И вот в 1992 году яркий представитель темных «патриотических» сил соглашается на публикацию давно известных ему сведений и документов, изображая при этом изумление и шок.
Но журналистов редакции распирают верноподданические чувства, и он почтительно уведомляют о готовящейся публикации Харитона. Дескать, извольте видеть — какие мы угодливые, готовы подставить любую даже нецензурную часть, коли вам захочется пнуть… Итак, зимой в редакции появились материалы, а осенью тираж отпечатали.
Шумный скандал
Вот тут и начались пинки. «Квасные патриоты» застращали Харитона и тот от испуга велит редакции запретить публикацию. Вскоре «опомнился» и Головин:
— По этой публикации атомную бомбу может сделать любой, кто захочет, — нагнетает Игорь Николаевич.
Поступают возражения (вопреки Закону о печати) от Минатома и от КГБ, который сам и рассекретил документы.
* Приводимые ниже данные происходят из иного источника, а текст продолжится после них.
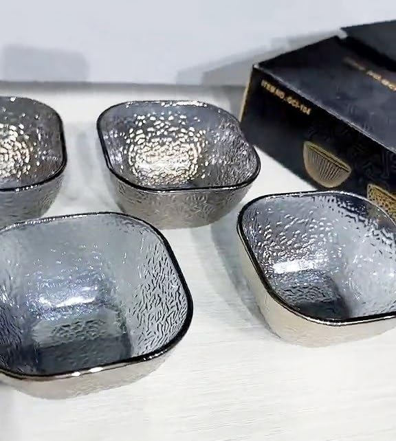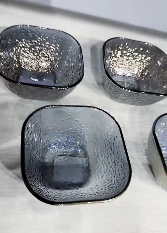 - ELEGANT DESIGN: Square-shaped smoke grey glass serving bowls with a textured, hammered finish that adds sophistication to any table setting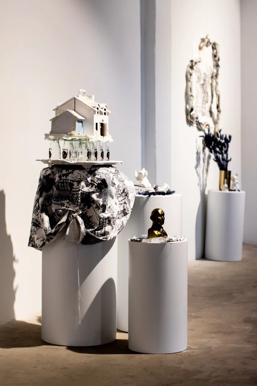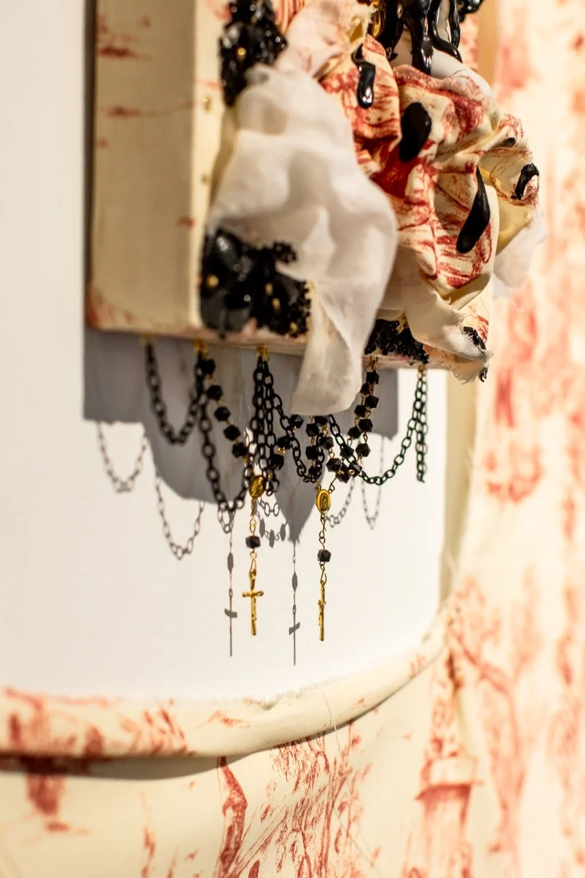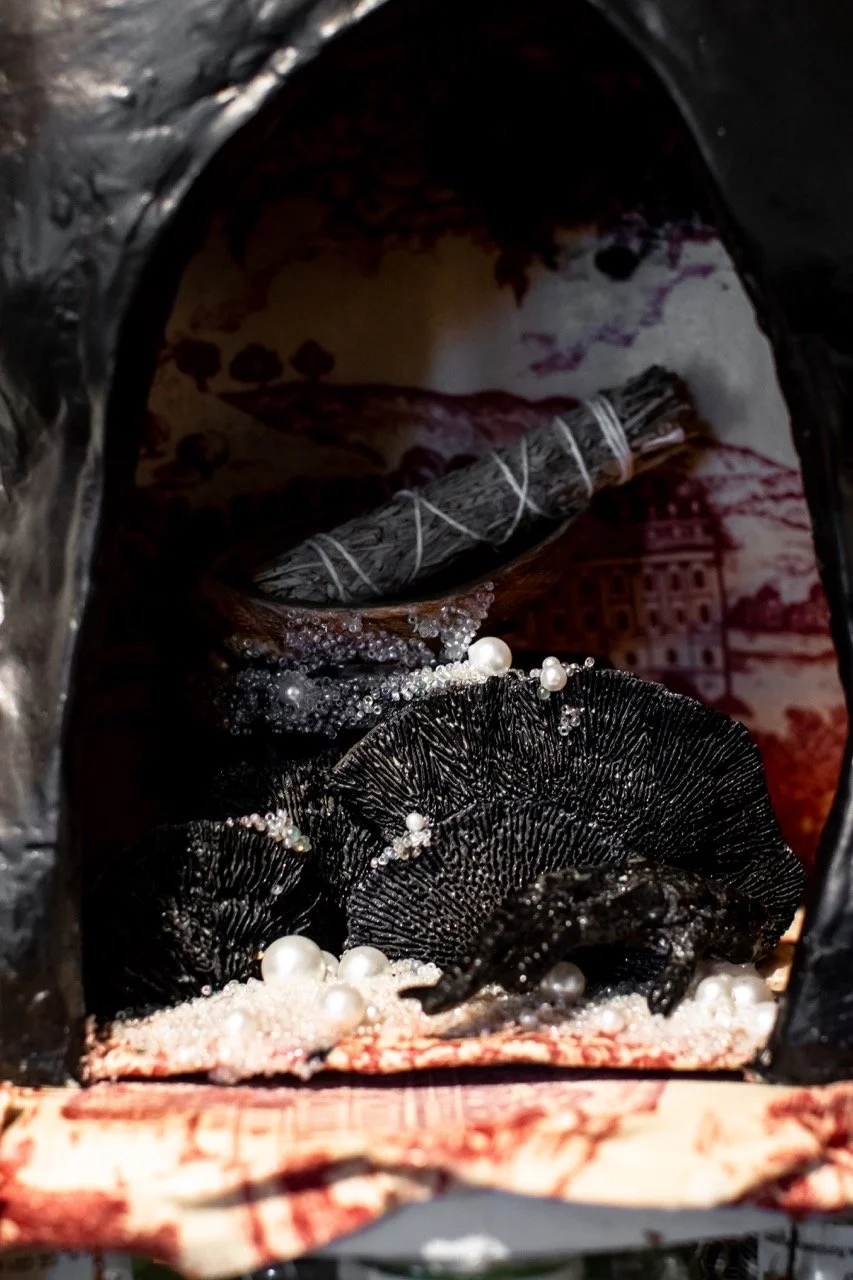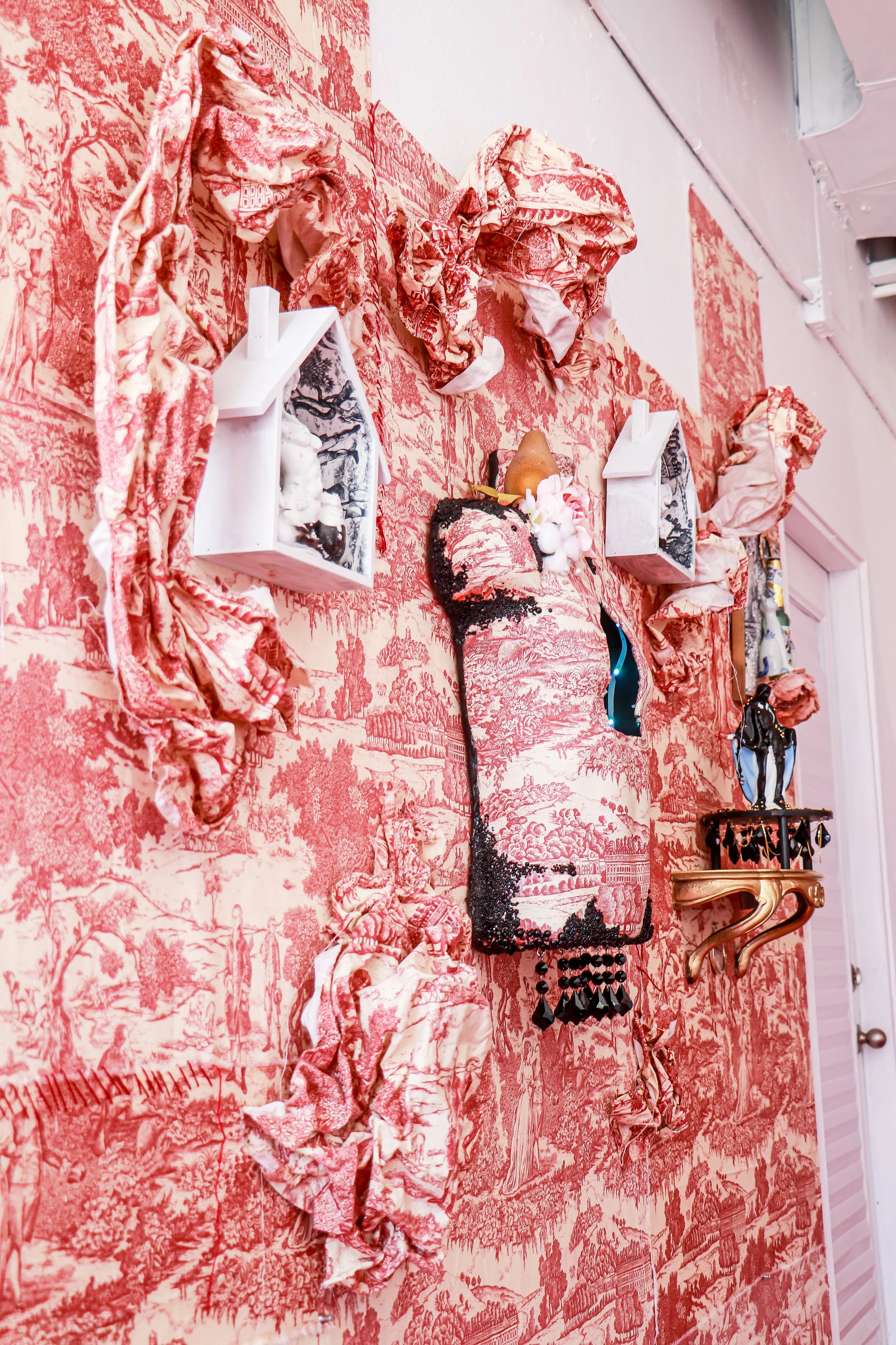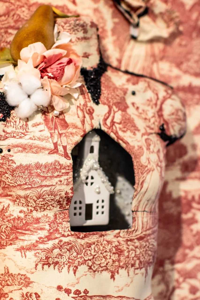 You’ve Made This House Your Home is an ever-evolving installation comprised of ornamental mixed-media works that unearth the silenced, concealed, and erased narratives of the Black diaspora, my personal experiences as a biracial Black woman, and the foundational systems of oppression that continue to influence contemporary culture. This project delves into themes surrounding respectability politics, their interconnectedness with White Supremacy and colonization, and the dual role they play in both advancing and dismantling communities. Inspired by W.E.B. Du Bois' essay "The Talented Tenth" and rooted in hidden American histories such as The Pearl Incident, the project draws from scholarly insights provided by figures like E. Franklin Frazier, Sabrina Strings, and the literary influence of Margot Jefferson.
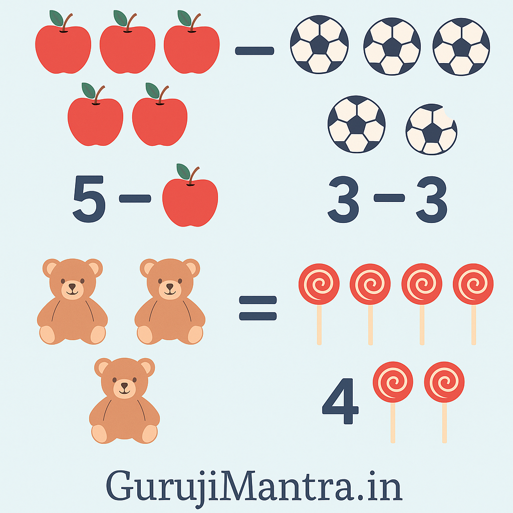 ➖ घटाव सीखो – Worksheet ➖ घटाव सीखो – Worksheet 🔢 subtraction का अभ्यास करो! प्रश्न 1: चित्र देखकर घटाव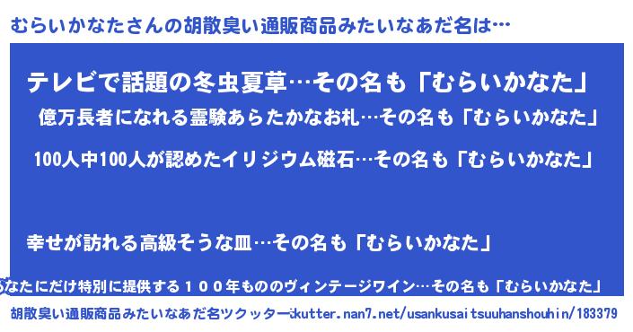 | 肩書あだ名 | 『むらいかなた助手』『むらいかなた総統』 |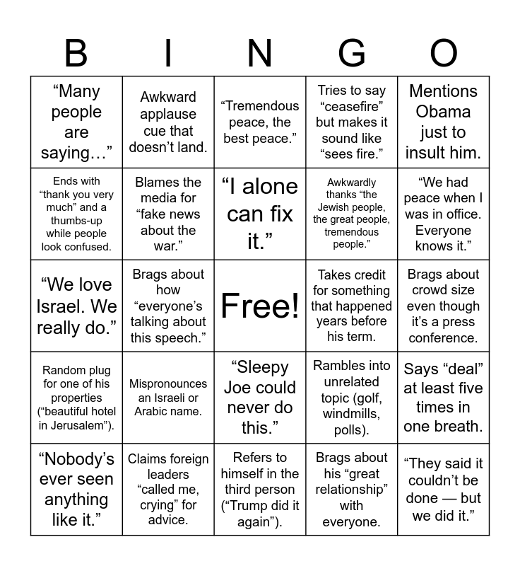 This bingo card has a free space and 24 words: “Nobody’s ever seen anything like it.”, Mispronounces an Israeli or Arabic name., “I alone can fix it.”, Brags about his “great relationship” with everyone., Mentions Obama just to insult him., “Many people are saying…”, Awkward applause cue that doesn’t land., “Tremendous peace, the best peace.”, Takes credit for something that happened years before his term., Brags about crowd size even though it’s a press conference., “We love Israel. We really do.”, Blames the media for “fake news about the war.”, Rambles into unrelated topic (golf, windmills, polls)., Says “deal” at least five times in one breath., Ends with “thank you very much” and a thumbs-up while people look confused., Claims foreign leaders “called me, crying” for advice., Refers to himself in the third person (“Trump did it again”)., Tries to say “ceasefire” but makes it sound like “sees fire.”, “We had peace when I was in office. Everyone knows it.”, Random plug for one of his properties (“beautiful hotel in Jerusalem”)., Brags about how “everyone’s talking about this speech.”, “Sleepy Joe could never do this.”, Awkwardly thanks “the Jewish people, the great people, tremendous people.” and “They said it couldn’t be done — but we did it.”.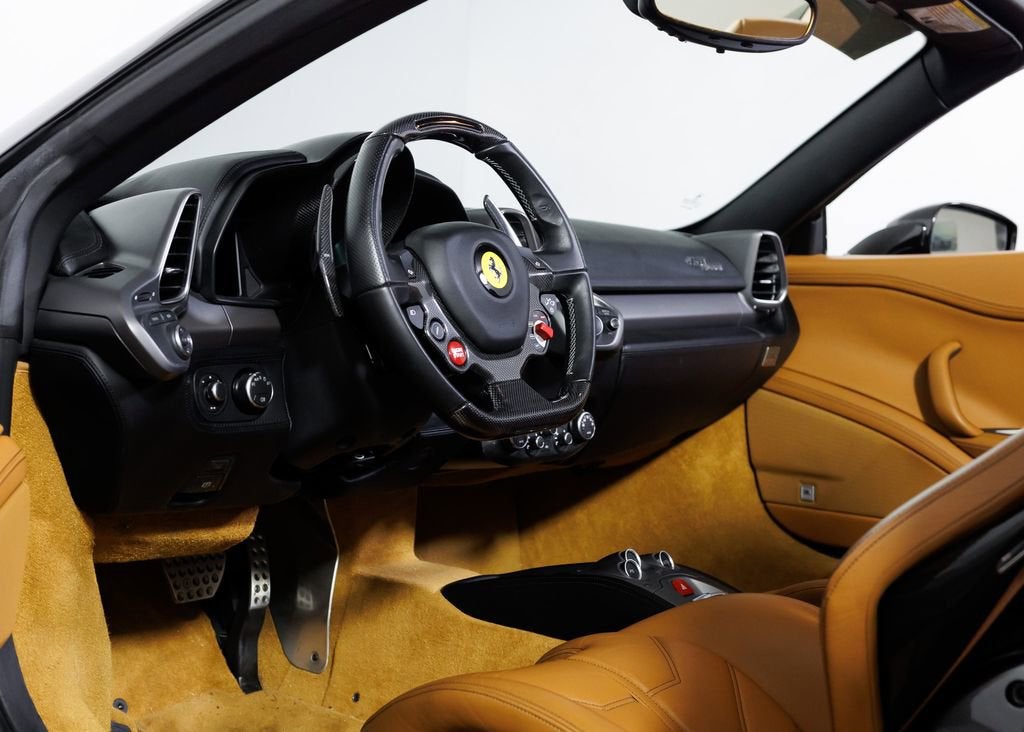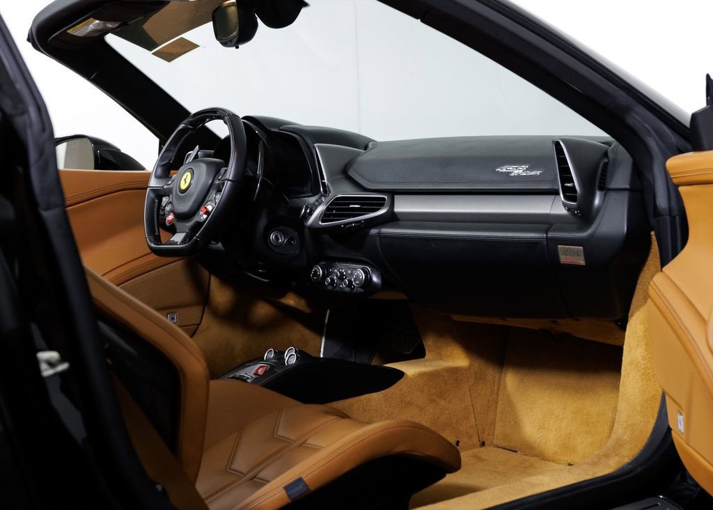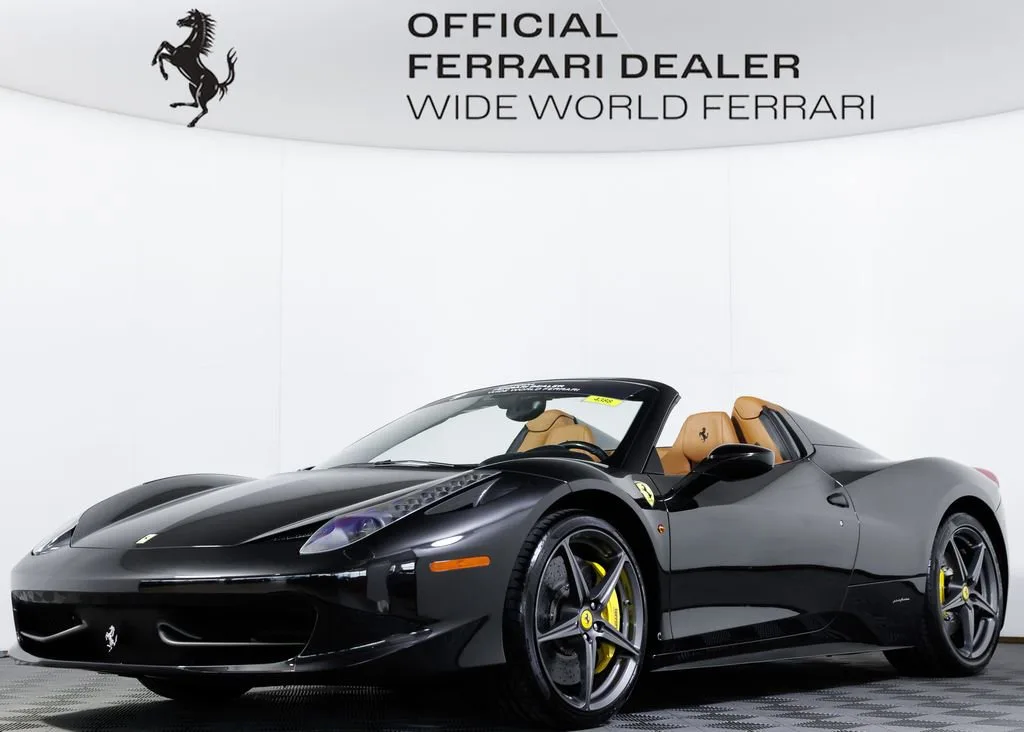 SALE PENDING! Wide World Ferrari is proud to present this exceptional 2013 Ferrari 458 Spider, a beautifully specified example of Ferraris legendary naturally aspirated mid-engine V8 convertible. Showing just 10,160 miles and accompanied by a clean Carfax, this 458 Spider represents the final era of Ferraris naturally aspirated V8 supercars. Finished in Nero Daytona, the exterior exudes understated aggression and timeless elegance. The deep metallic black paint highlights the dramatic curves and aerodynamic sculpting that define the 458s Pininfarina design, while forged wheels finished in metallic Grigio Ferro add a purposeful motorsport character. Inside, the cabin is trimmed in rich Cuoio leather, creating a warm and luxurious contrast to the Nero Daytona exterior. Nero special stitching runs throughout the interior, maintaining a clean and sophisticated aesthetic, while the Nero leather headliner further elevates the sense of craftsmanship. The interior grilles are finished in leather to match the surrounding trim, creating a cohesive and bespoke feel throughout the cockpit. A yellow tachometer dial face adds a vibrant focal point within the instrument cluster, a signature Ferrari detail that reflects the brands racing heritage, while beige coloured safety belts introduce a subtle yet elegant accent. A standout feature of this particular 458 Spider is the highly sought-after carbon fibre racing seats. Rarely seen and extremely desirable among Ferrari enthusiasts and collectors, these lightweight seats dramatically enhance the driving experience by providing exceptional support during spirited driving while showcasing Ferraris motorsport-inspired design philosophy. Further enhancing the driver-focused cockpit is the carbon fibre driver zone with integrated LED shift indicators on the steering wheel, a hallmark Ferrari feature inspired directly by Formula 1. This advanced steering wheel places critical vehicle controls and illuminated shift lights directly in front of the driver, creating an immersive and race-bred interface between driver and machine. This 458 Spider is also exceptionally well equipped with a range of desirable technology and convenience features. These include the Adaptive Frontlight System for improved nighttime visibility, front suspension lift for added practicality over uneven roads, and front and rear parking sensors for easier maneuvering. Comfort and connectivity are provided through the audio-navigator system with Bluetooth, Premium Hi-Fi sound system, and ready kit for use of iPod. Additionally, the car is Ferrari Approved and eligible for up to a 2-year Ferrari Certification warranty (available at an additional charge). As the only 4-Time Cavallino Winning Ferrari Center in the tri-state area and one of the first Ferrari Centers in North America, we pride ourselves on exceptional service. We assist with all aspects of your purchase, including trade-ins, shipping, registration, non-reported financing, and customizations. Conveniently located in Rockland County, just under 30 miles from Manhattan. For more information, email us at ferrarivip@newcountry.com or call 845-682-0129.

Минатом считает, что документы № 12 и № 13, где описывается конструкция самого первого, уже давно устаревшего заряда, являются нарушением Договора о нераспространении ядерного оружия. На это же намекает и иезуитское письмо КГБ, подписанное Юрием Кобаладзе, которого не зря зовут просто Коба.
Ну и, наконец, зашумел и прислал грозный, но незаконный запрет вице-премьер Шумейко, известный своим активным неучастием в делах «Властелины». Он требует не допустить рассыл и выдрать листы с документами № 12 и № 13.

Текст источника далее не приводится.